When he sits down with his wife and
Children for a cup of coffee and a
Plate of ham and eggs, do they ask
Him if it was a good day's work
And everything went well or do they
Stay off some topics and kill about
The weather, baseball, politics
And the comic strips in the papers
And the movies? Do they look at his
Hands when he reaches for the coffee
Or the ham and eggs? If the little
Ones say, Daddy, play horse, here's
A rope--does he answer like a joke:
I seen enough rope for today?
Or does his face light up like a
Bonfire of joy and does he say:
It's a good and dandy world we live
In. And if a white face moon looks
In through a window where a baby girl
Sleeps and the moon-gleams mix with
Baby ears and baby hair--the hangman--
How does he act then? It must be easy
For him. Anything is easy for a hangman,
I guess."

    - carl sandburg.

_


the hanging man :

"By the roots of my hair some god got hold of me.
I sizzled in his blue volts like a desert prophet.
The nights snapped out of sight like a lizard's eyelid :
A world of bald white days in a shadeless socket.
A vulturous boredom pinned me in this tree.
If he were I, he would do what I did."
    - sylvia plath.

05 November 2006

litcrit wanderlust



here are some snippets from novels...

"Why so sad, my friend? What could be bothering you? You're young and strong, without any family to tie you down. ... No one thinks less of you because you were not born in these parts; in fact, everyone respects your conduct and your talents... You can read and write and figure... You have spirit; you have a good, logical head on your shoulders. And, on top of all that, you are the best-looking young man in town. Only twenty-four years old! I don't understand why you keep to yourself so much... You act as if you were better than everyone else, like we're not worthy of your company!" - George Sand, The Black City, 1860.

...

"... but much to his surprise he grew aware of a strange expansion of his inner being, a kind of restive anxiety, a fervent youthful craving for faraway places, a feeling so vivid, so new or else so long outgrown and forgotten that he came to a standstill and - hands behind his back, eyes on the ground, rooted to the spot - examined the nature and purport of the feeling.

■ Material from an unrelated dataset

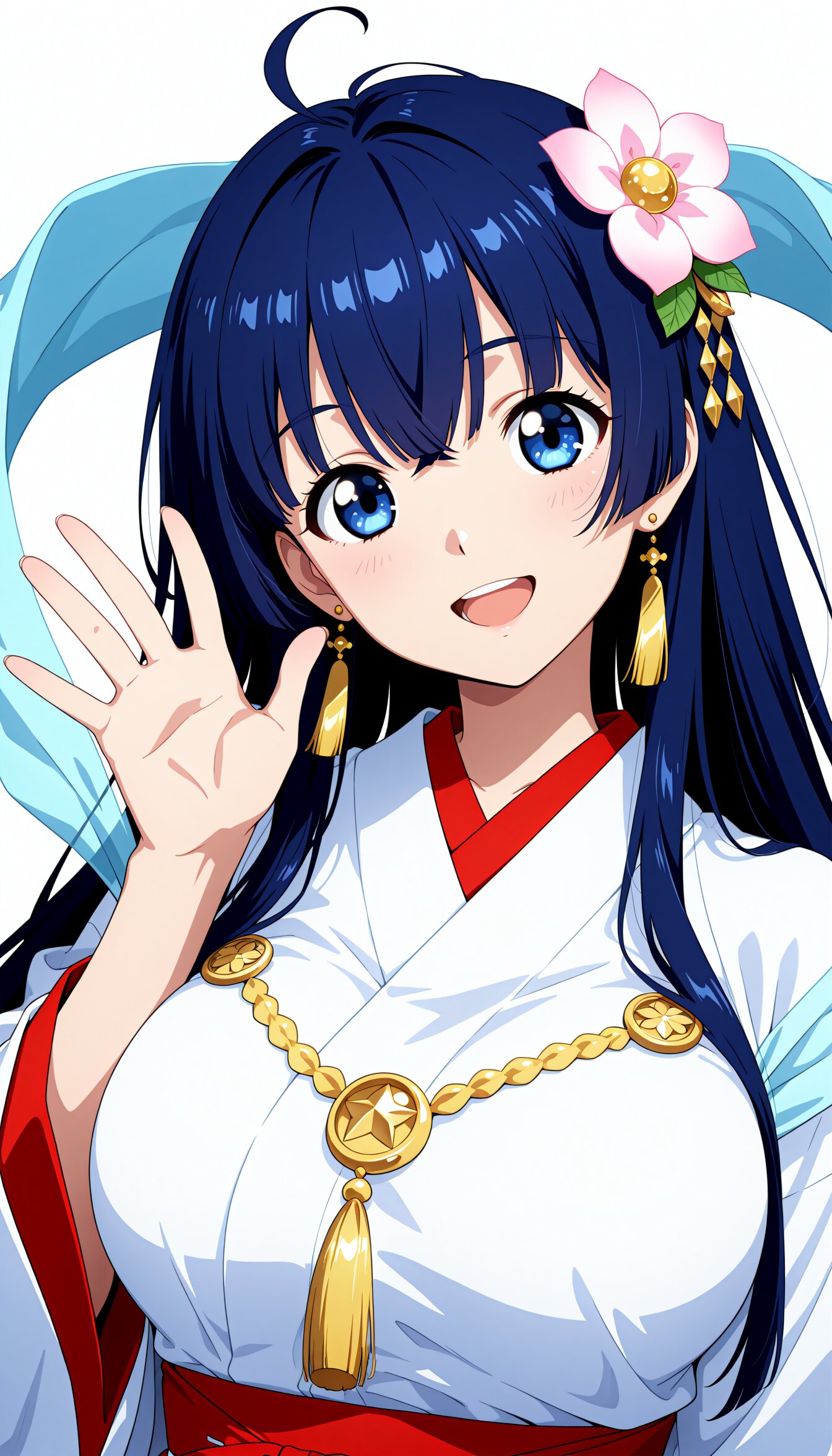 <lora:MeMax6-noob-vpred:1>,memaxl6_a,memaxl6_b,memaxl6_c,memaxl6_d,memaxl6_e, Full HD,32K, 1girl, solo, portrait, (smile), (looking at viewer, head tilt, ), open mouth, waving arm, (teenage :1.3), (large breast), (slender):1.2, (tareme):1.2, beautiful hair, shiny hair, straight hair, (dark-navy blue hair):1.2, crossed bangs, (hime cut, long hair):1.1, ahoge, dark-blue eyes, (Celestial Maiden:1.8), (japanese clothes, flower hair ornament, red-white miko:1.1, long sleeves, tassel earrings), (light-blue hagoromo):1.3, (simple background, white background), masterpiece, best quality, super fine illustration, very aesthetic, newest, hyper detailed, intricate, beautiful, aesthetic, highly decorative, HDR, yume kawaii, ,anime screencap,anime,no gradients, 2D flat design, bold outlines, 10's anime style,

It was wanderlust, pure and simple; but it pounced on him as a seizure, intensifying into a burst of passion, even a hallucination. His desire could virtually see, his ability to fantasize, unlulled since his hours of working, conjured up all the wonders and terrors, all the variety of the earth, which he strove to envision. He saw, saw a landscape, and monstrous, a primordial jungle of islands, morasses, and alluvial inletsl saw hariy palm shafts near and far striving upward out of rank and rampant ferns, realms of fat, swollen plants with fantastic blossoms; saw eccentrically misshapen trees plunging their roots through the air and into the ground, into stagnant waters reflecting green shadows; saw bowl-sized, milky white flowers drifting on surfaces and outlandish species of birds, with hunched shoulders and deformed beaks, standing in shallow liquids and inertly ogling sideways; saw the sparkling eyes of a couching tiger between the knotty canes of the bamboo thicket - and he felt his heart pounding with horror and enigmatic longing. Then the vision faded; and shaking his head, Aschenbach resumed his promenade along the fences of the gravestone yards." - Thomas Mann, Death in Venice, 1912.

...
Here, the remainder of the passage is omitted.